There are different types of millet—like pearl millet, finger millet, proso millet, kodo millets, and foxtail millet—but they all share a similar nutty, slightly sweet flavor.
Uses
Millet is incredibly versatile and can be used in a variety of sweet and savory dishes. Here are the most common ways it’s used in cooking and baking:
- Cooked as a grain side dish: Like rice or quinoa, millet can be cooked and served alongside veggies, legumes, or stews.
- Breakfast porridge: Simmered in liquid until creamy, millet is delicious as a hot cereal topped with fruit and seeds or as millet grits.
- Grain bowls and salads: Fluffy millet is perfect for hearty bowls or tossed into grain-based salads like millet tabbouleh.
- Gluten-free baking (millet flour): Ground into flour, millet is commonly used in gluten-free baking to add a mild flavor and light texture.
- Veggie burgers and patties: Cooked millet adds structure to homemade veggie burgers and fritters.
- Soups and stews: Stir in cooked millet to thicken and bulk up soups and stews.
Why Substitute Millet?
You might be looking for a millet substitute if:
- You’ve run out of millet
- You’re cooking for someone with a millet sensitivity or allergy
- You want a different texture or flavor
- You’re looking for a low-FODMAP or grain-free option
What is a good substitute for millet?
If you are looking for a healthy alternative, these are the best options for replacing cooked millet in grain bowls, salads, or as a side dish:
1. Quinoa
A top millet substitute, quinoa is high in protein and cooks up light and fluffy. With a similar texture to millet, it is best for grain bowls, salads, and pilafs.
To substitute, use a 1:1 ratio (1 cup cooked millet to 1 cup cooked quinoa).
2. Amaranth
Amaranth is softer and more porridge-like when cooked than millet. It works best in soups, breakfast bowls, porridge.
To substitute, use a 1:1 ratio of cooked amaranth to cooked millet.
3. Buckwheat Groats
Toasted buckwheat (kasha) has a bold, nutty, earthy flavor and firm texture. It is great in warm salads, pilafs, veggie burgers, or fritters, and grain bowls.
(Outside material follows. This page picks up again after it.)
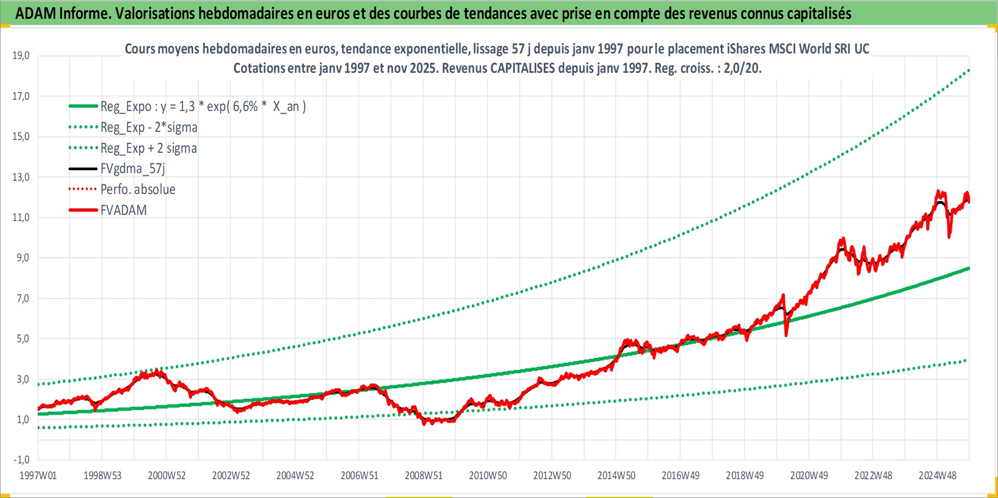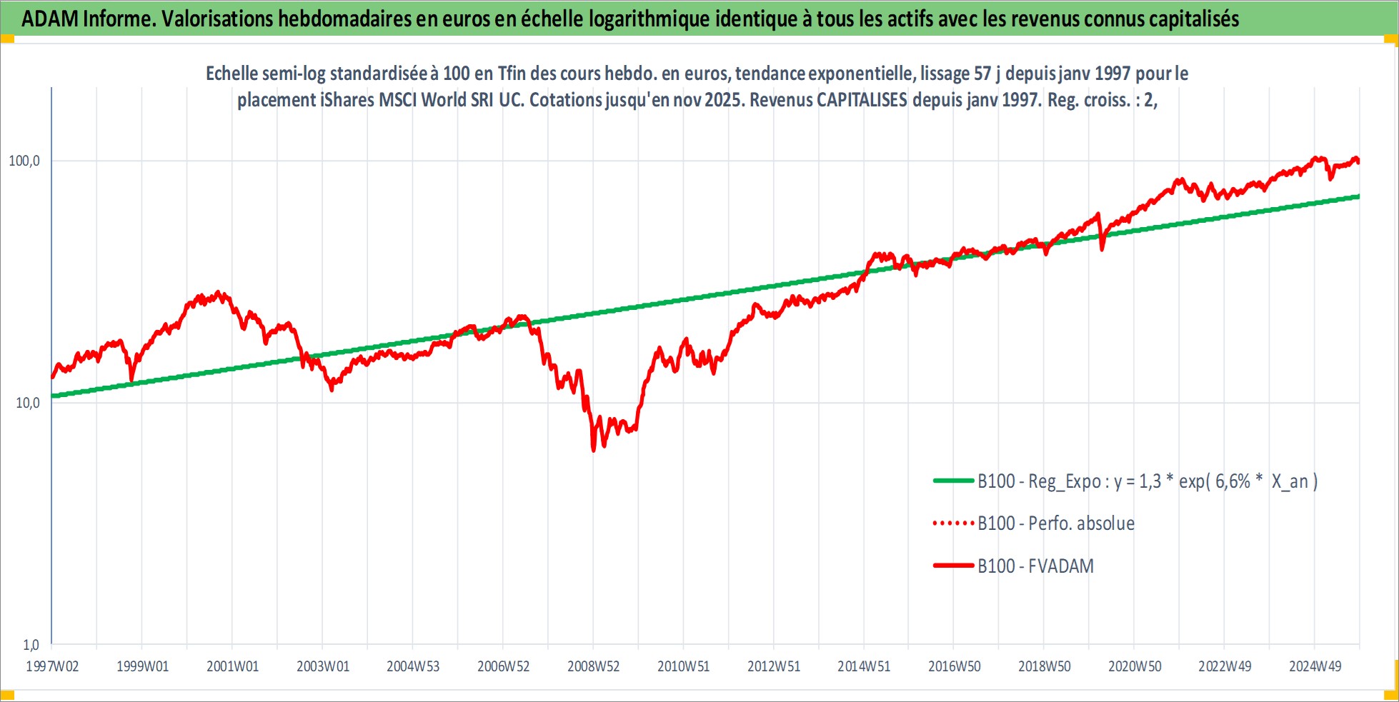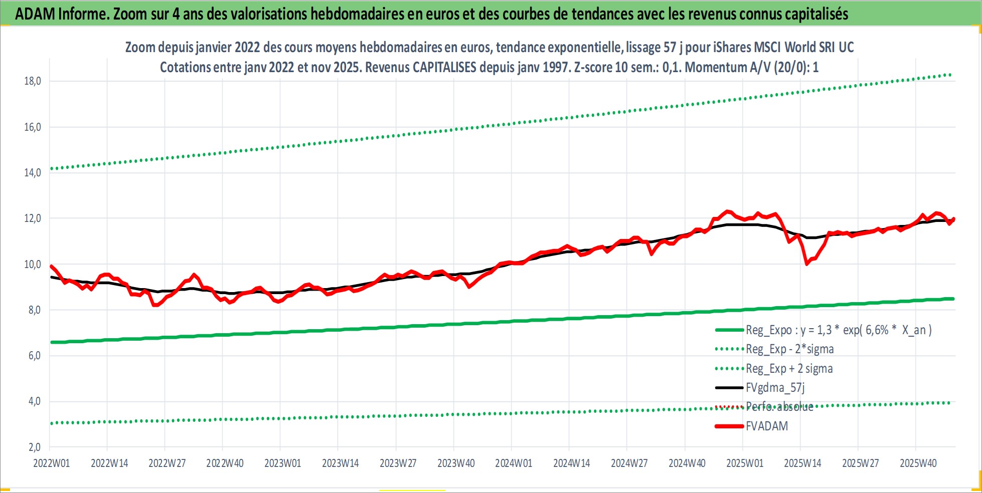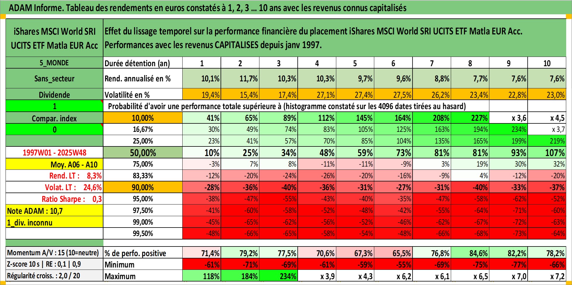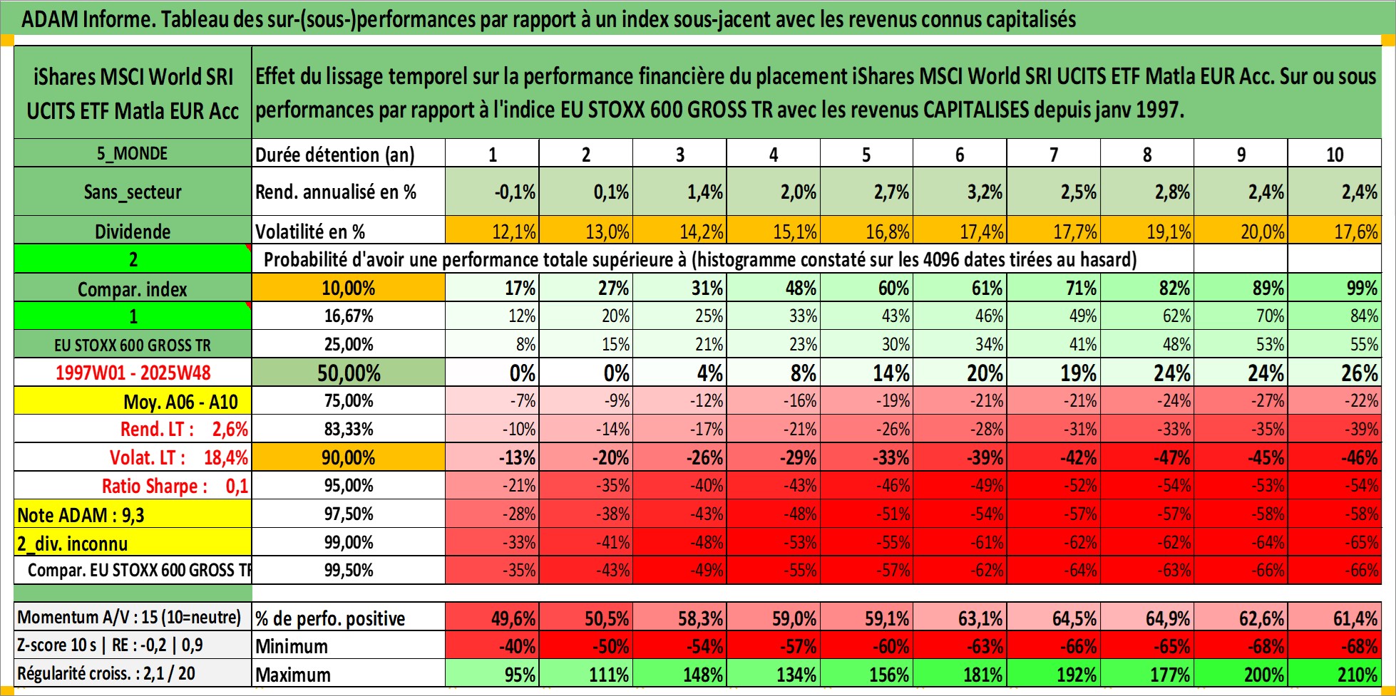 Site dédié aux investisseursPage dédiée sur site financeAnalyse des valorisations hebdomadaires du fonds iShares MSCI World SRI UCITS ETF Matla EUR Acc. Cet actif est cote en EUR. Les valorisations couvrent les semaines 1997W01 a 2025W48. Les revenus de cet actif financier sont pris en compte depuis la semaine 1997W01. La note globale ESG de cet actif est estimee a 8.3 (apres rebasage entre 0 et 20).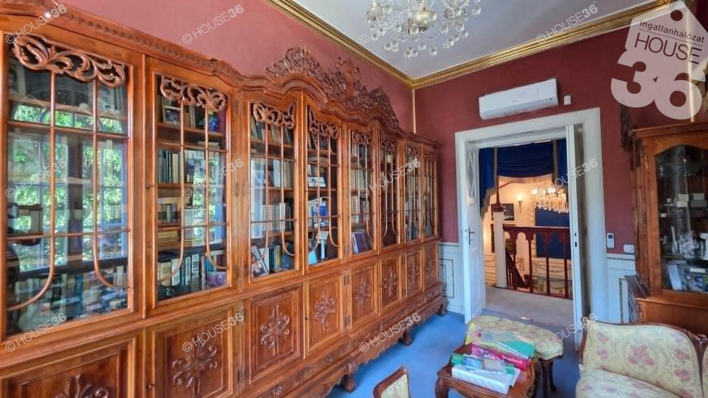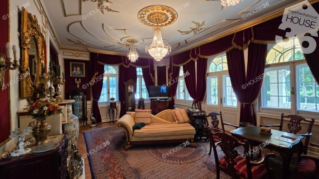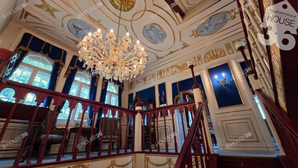 Az ingatlan gazdagon díszített egyedi bútorzattal, berendezési tárgyakkal, festményekkel együtt eladó. A külön rendelésre, mahagóni fából, kézzel készített egyedi bútorok benne vannak a vételárban.

To substitute, use a 1:1 ratio. If a recipe relies on millet’s soft texture, buckwheat groats may not be ideal on their own. Consider blending with another grain.
4. Sorghum
Sorghum is a grain that is chewy, nutty, and slightly sweet. It works best in recipes where a chewy texture is welcome. Sorghum is great for grain salads, hearty bowls, and stews.
To substitute, use a 1:1 ratio of cooked sorghum to cooked millet. Soaking it overnight can help reduce cook time and improve digestibility.
5. Couscous
If gluten is not a concern, this wheat-based grain is quick-cooking with a fluffy texture. For a gluten-free diet, opt for gluten-free couscous. It is an ideal choice for tabbouleh, side dishes, casserole, stuffed peppers, and grain salads.
To substitute, use a 1:1 ratio (1 cup cooked millet to 1 cup cooked couscous).
Top tips
- Flavor: Millet has a light, nutty flavor. Stronger-flavored grains (like amaranth or buckwheat) may alter the taste.
- Texture: Consider the texture desired in the dish.
- Check labels: For those with Celiac disease, always make sure your substitute is certified gluten-free if necessary.
Conclusion
Millet is a wonderful ingredient, but whether you’re avoiding it or just out of it, there are plenty of wholesome substitutes to keep your recipes on track. From cooked grain swaps like quinoa to sorghum, there’s an option here for every dish.